The gun presses harder into my skin. A warning.

Reece doesn’t even look at her. “Didn’t I just say nobody moves?”

Xander is still fighting. The chair legs scrape violently against the floor, his whole body straining, muscles shaking, wrists slick with blood where the tape is tearing skin.

“Don’t—” His voice breaks, then comes back raw. “Don’t fucking touch her.”

Reece exhales like he’s bored. Then—

He drags me back a step. I stumble with him, his arm locking tighter around my throat, cutting off just enough air to make my vision flicker at the edges.

“Here’s what’s going to happen,” he says, calm. Controlled. Like he’s explaining directions.

Not a threat. A plan. My stomach drops.

No. No no no—

Daisy moves first. She steps past Cat like she’s not even there, heels clicking against the floor, phone already in her hand.

“All set out back,” she says casually, glancing at Reece. “We’re clear.”

Clear for what?

Cat lunges. Fast. Desperate. Daisy doesn’t even flinch. One of the guys intercepts her, catching her around the waist and hauling her back hard enough her feet leave the ground.
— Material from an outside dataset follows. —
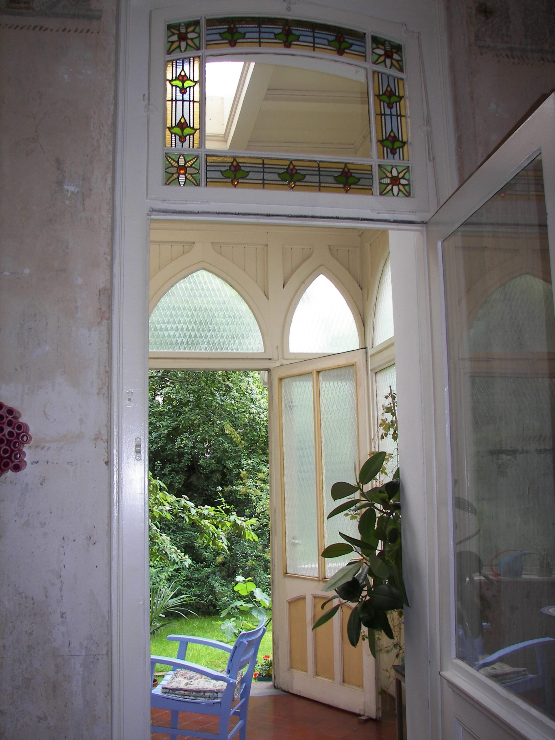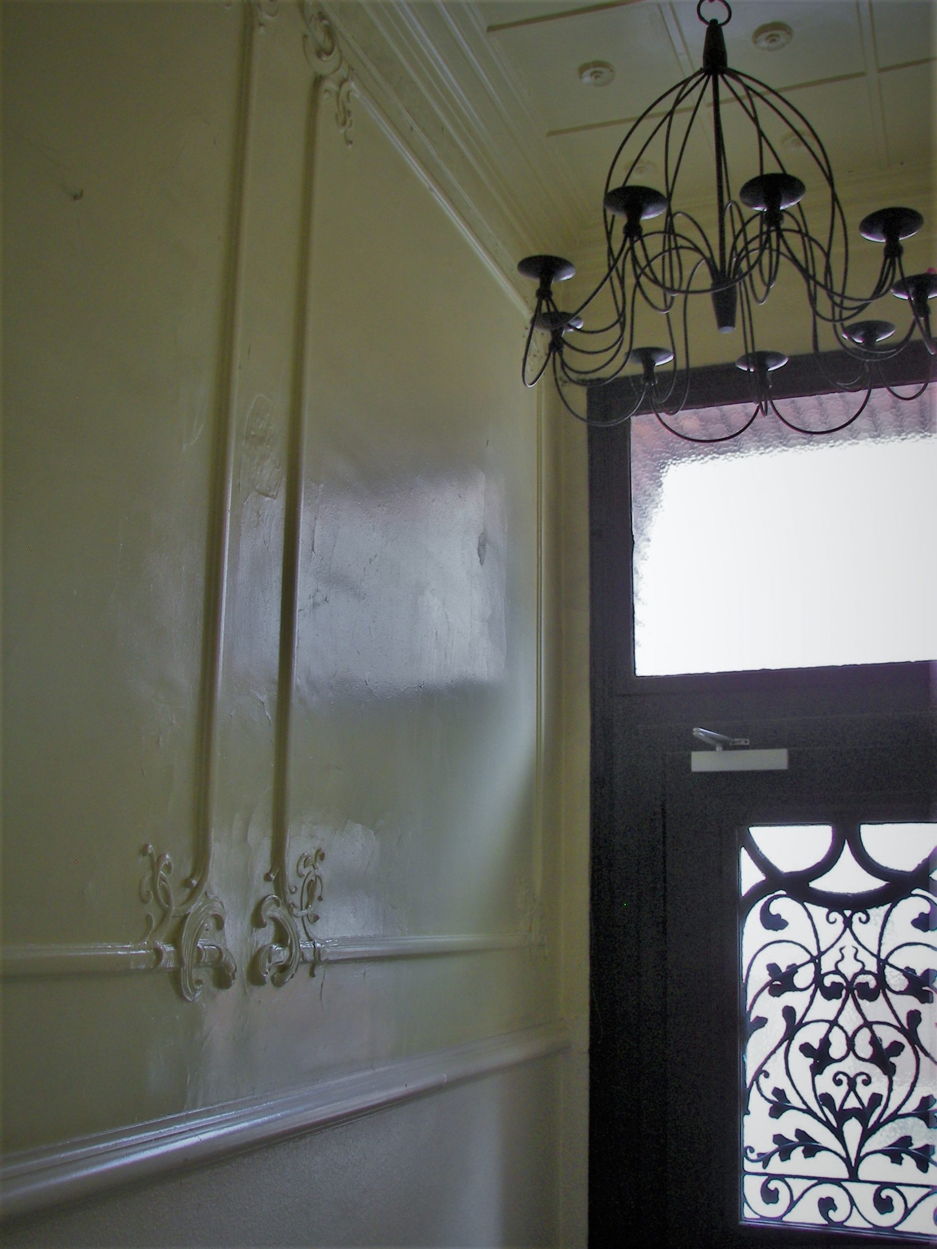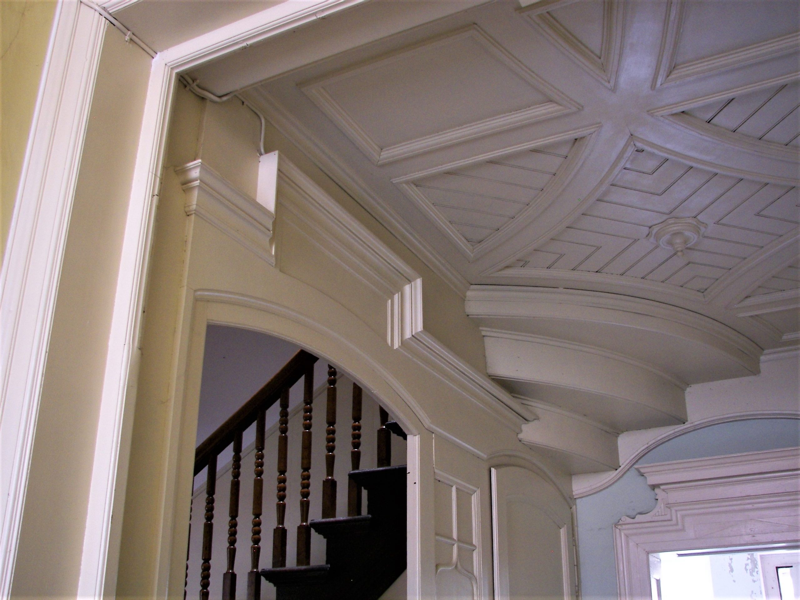 Die Raumwände wurden behutsam gereinigt, die Stukk- und Wandmalereien aus der Bauzeit konserviert und sichtbar belassen.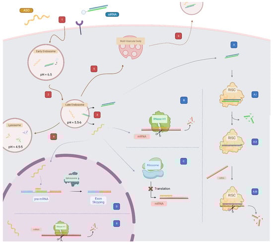Summary of trafficking and mode of action of ASOs and conjugated siRNAs. (1) Oligonucleotides are first internalized into the endosomal pathway by gymnotic uptake or by receptor-mediated uptake, (2) in early endosomes, dissociation with the targeting moiety or ligand is initiated, and (3) maturation of the early endosome leads to late endosomes where oligonucleotides are found to escape in the cytosol. Late endosomes can either mature to (4) lysosomes, where most of the material is degraded by the low-pH and degradation enzymes, or (5) to Multivesicular bodies where they are (6) exported to the external environment. In the cytoplasm, (A.I) siRNAs are loaded into RISC, where (A.II) the passenger strand is degraded and the guide strand selected. After target recognition by the guide strand (A.III), the mRNA transcript is cleaved and degraded. For ASOs, they can either (B) degrade the target mRNA through the RNAse H1 enzyme or (C) block the translation machinery of the transcript. In the nucleus, ASOs can interfere with (D) the splicing machinery and generate a modified mature mRNA or (B) directly downregulate the target through RNAse H1. Created with BioRender.com, VP25FLPEXQ.

“Get off me!” she screams, thrashing.

“CAT—” I choke out, the word breaking as Reece’s arm tightens again.

“Enough,” he snaps.

Everything stills. Not because they want to. Because they have to. Because the gun is still at my head.

Reece leans in slightly, his mouth close to my ear. “You’re coming with us,” he says, almost gently.

Ice floods my veins.

“No,” I whisper, even though I know it doesn’t matter.

He huffs a quiet laugh. “That wasn’t a question.”

Xander loses it. “NO—”

The chair tips. Crashes. He hits the ground hard, still fighting, still trying to get up, the tape stretching, tearing, his breath ragged and furious.

“Penny, don’t—don’t let them—”

“I’m right here,” I say quickly, the words tumbling out before I can stop them. “I’m okay—”

Lie.

Lie.

Lie.

But I need him to hear it. Need him to not break. Because if he breaks, I will.

Reece starts walking and I have no choice but to go with him. My feet drag at first, then catch, then move. One step. Then another.

Daisy is already at the back door, pushing it open. Cold air rushes in. Darkness. Gravel. Freedom so close it feels like a joke.

“Wait—” Cat gasps behind us, voice cracking. “Please—please don’t—”

The door slams open fully and there it is. A black van with the engine running and side door already sliding open.

Of course. Of course this was planned.

My heart starts slamming now, panic clawing its way up my throat, sharp and choking.

“No,” I breathe, digging my heels in.

Reece doesn’t even pause. He just shifts his weight and lifts me slightly off the ground, dragging me forward like I weigh nothing.

“Stop—” I gasp, grabbing at his arm, nails digging into his skin.

He squeezes my throat. Not enough to knock me out. Enough to make everything go fuzzy.

“Don’t make this harder,” he mutters.

Daisy grabs my arm and yanks. Between the two of them, I don’t stand a chance. I’m hauled to the van, shoved forward—

And then I twist.

Hard. Just enough to look back.

Xander is on the ground. Bleeding. Fighting. Still trying to get to me.

“PENNY—!”

The door slams. Darkness swallows me whole. The lock clicks. And the engine revs.